■ **Exercise brief**: Pick every line from the data below that contains the string "black" and copy it.

[Excerpts from a dataset]

=-=-=-=-=

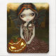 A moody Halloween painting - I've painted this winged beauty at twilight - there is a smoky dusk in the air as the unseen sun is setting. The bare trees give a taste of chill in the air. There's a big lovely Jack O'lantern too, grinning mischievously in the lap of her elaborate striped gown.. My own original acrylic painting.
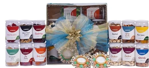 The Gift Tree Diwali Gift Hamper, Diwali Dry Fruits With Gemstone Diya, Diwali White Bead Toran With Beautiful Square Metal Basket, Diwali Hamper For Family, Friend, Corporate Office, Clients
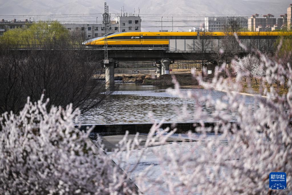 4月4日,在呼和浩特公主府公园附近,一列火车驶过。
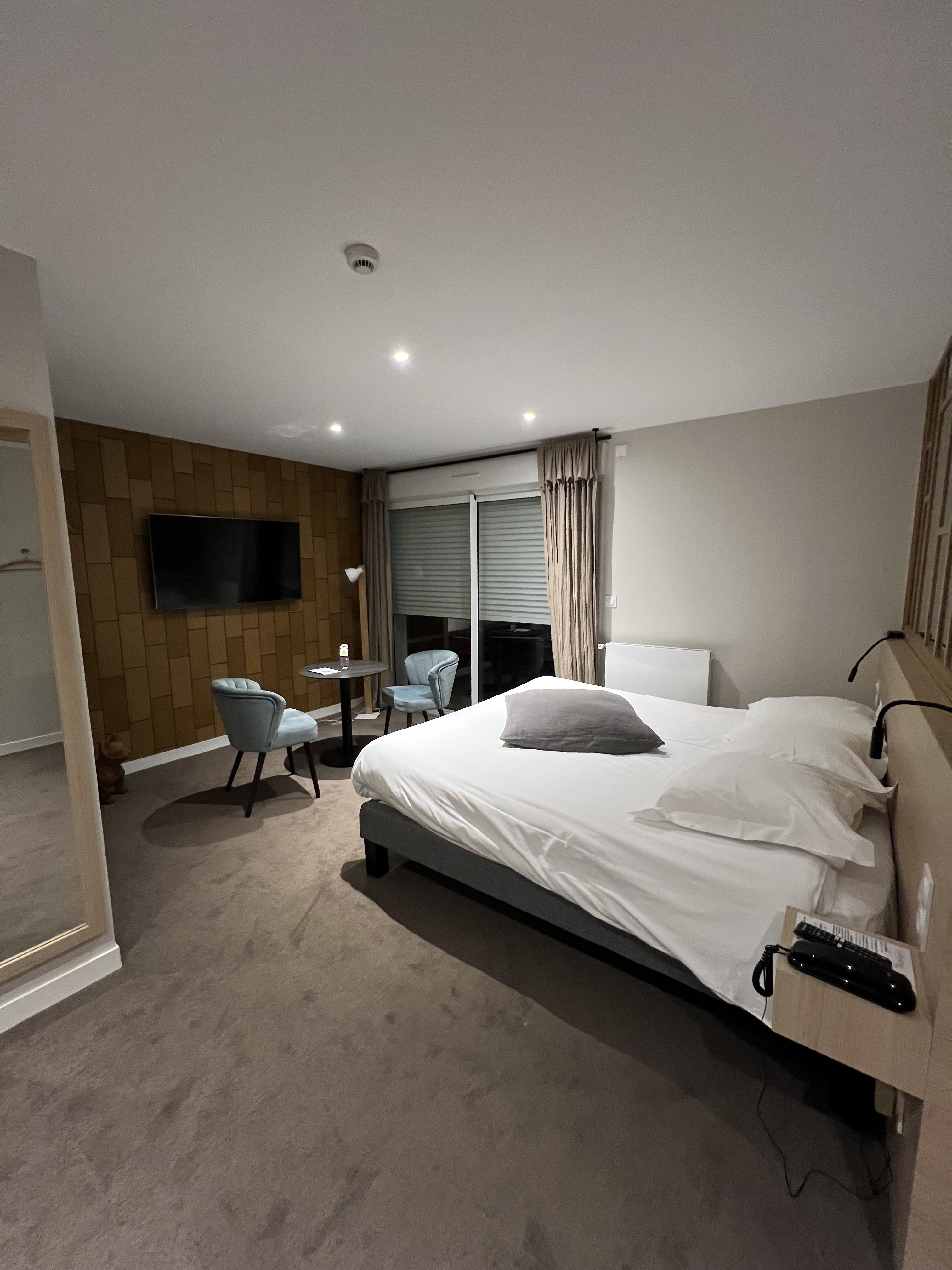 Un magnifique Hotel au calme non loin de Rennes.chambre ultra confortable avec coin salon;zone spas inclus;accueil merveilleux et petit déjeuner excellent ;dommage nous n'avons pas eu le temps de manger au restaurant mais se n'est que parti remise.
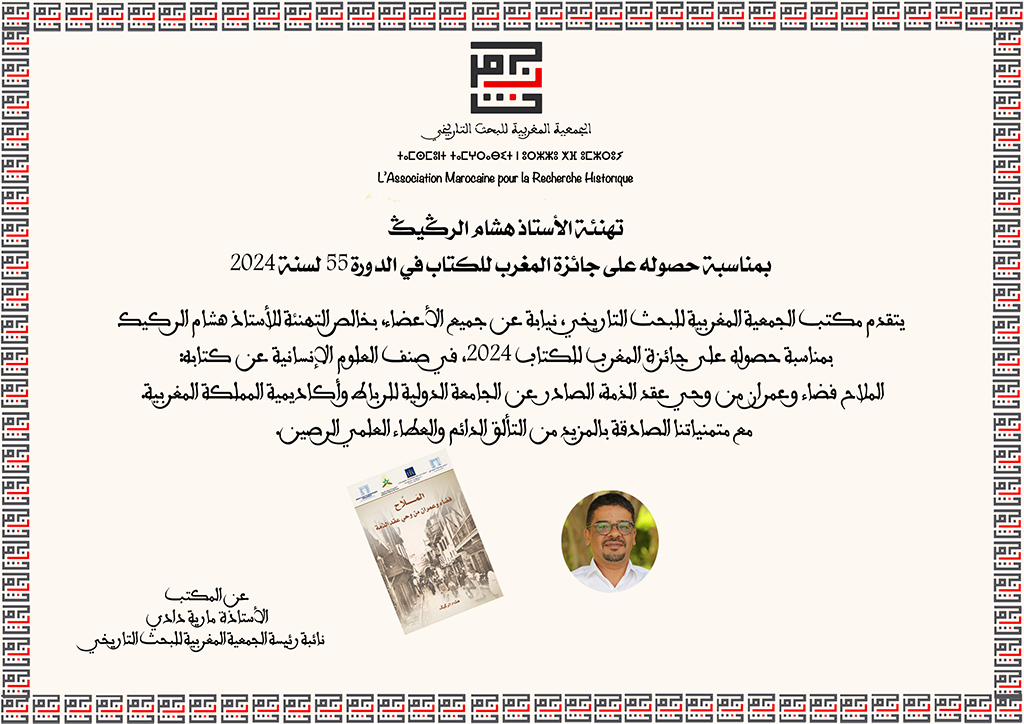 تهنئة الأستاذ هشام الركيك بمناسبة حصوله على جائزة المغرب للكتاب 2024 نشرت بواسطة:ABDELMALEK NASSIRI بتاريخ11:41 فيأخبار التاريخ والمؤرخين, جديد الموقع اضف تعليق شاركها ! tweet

=-=-=-=-=

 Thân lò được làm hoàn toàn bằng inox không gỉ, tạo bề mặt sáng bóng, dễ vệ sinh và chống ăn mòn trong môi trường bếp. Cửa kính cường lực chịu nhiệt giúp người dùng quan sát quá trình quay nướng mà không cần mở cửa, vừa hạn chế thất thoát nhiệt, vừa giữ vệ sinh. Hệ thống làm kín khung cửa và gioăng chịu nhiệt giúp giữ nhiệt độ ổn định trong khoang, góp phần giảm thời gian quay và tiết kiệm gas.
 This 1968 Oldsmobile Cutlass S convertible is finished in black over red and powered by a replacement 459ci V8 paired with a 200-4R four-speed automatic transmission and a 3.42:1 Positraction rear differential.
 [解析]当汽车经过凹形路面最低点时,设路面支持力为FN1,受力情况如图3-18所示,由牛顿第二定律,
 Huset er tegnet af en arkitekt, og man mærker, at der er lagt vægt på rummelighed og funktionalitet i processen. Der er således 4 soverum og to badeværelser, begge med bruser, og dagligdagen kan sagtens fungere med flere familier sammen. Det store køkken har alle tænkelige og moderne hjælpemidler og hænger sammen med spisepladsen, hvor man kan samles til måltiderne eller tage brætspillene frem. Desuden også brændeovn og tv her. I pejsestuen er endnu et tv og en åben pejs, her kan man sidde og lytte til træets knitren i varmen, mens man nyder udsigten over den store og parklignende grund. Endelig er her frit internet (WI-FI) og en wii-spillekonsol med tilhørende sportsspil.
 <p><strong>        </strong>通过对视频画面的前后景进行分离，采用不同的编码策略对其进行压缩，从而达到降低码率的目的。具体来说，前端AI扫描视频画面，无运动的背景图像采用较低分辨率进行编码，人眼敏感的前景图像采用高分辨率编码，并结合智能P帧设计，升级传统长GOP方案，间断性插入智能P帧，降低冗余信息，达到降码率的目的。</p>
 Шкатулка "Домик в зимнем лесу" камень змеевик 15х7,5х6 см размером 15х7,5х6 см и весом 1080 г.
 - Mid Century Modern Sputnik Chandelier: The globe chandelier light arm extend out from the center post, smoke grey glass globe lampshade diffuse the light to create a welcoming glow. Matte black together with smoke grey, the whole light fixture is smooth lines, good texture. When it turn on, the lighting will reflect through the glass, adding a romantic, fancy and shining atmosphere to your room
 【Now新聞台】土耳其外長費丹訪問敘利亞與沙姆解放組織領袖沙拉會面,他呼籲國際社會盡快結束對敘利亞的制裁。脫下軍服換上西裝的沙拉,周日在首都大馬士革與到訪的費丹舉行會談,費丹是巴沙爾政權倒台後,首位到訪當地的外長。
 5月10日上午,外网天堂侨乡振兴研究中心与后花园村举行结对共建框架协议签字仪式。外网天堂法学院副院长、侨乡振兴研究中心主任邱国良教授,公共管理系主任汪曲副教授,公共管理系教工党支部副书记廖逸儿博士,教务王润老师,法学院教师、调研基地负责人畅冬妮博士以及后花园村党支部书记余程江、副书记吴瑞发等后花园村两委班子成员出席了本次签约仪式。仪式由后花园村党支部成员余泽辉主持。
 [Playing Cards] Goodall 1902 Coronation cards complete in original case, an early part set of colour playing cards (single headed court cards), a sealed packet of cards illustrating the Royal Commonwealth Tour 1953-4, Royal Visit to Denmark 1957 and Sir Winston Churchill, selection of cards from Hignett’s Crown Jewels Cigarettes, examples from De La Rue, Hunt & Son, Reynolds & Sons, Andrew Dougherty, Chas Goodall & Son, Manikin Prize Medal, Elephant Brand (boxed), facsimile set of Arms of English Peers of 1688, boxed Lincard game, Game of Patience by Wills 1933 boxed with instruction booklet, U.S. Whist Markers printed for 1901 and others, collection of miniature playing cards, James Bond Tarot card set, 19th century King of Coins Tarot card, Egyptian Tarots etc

=-=-=-=-=

■ **Solution for this task**:
 This 1968 Oldsmobile Cutlass S convertible is finished in black over red and powered by a replacement 459ci V8 paired with a 200-4R four-speed automatic transmission and a 3.42:1 Positraction rear differential.
 - Mid Century Modern Sputnik Chandelier: The globe chandelier light arm extend out from the center post, smoke grey glass globe lampshade diffuse the light to create a welcoming glow. Matte black together with smoke grey, the whole light fixture is smooth lines, good texture. When it turn on, the lighting will reflect through the glass, adding a romantic, fancy and shining atmosphere to your room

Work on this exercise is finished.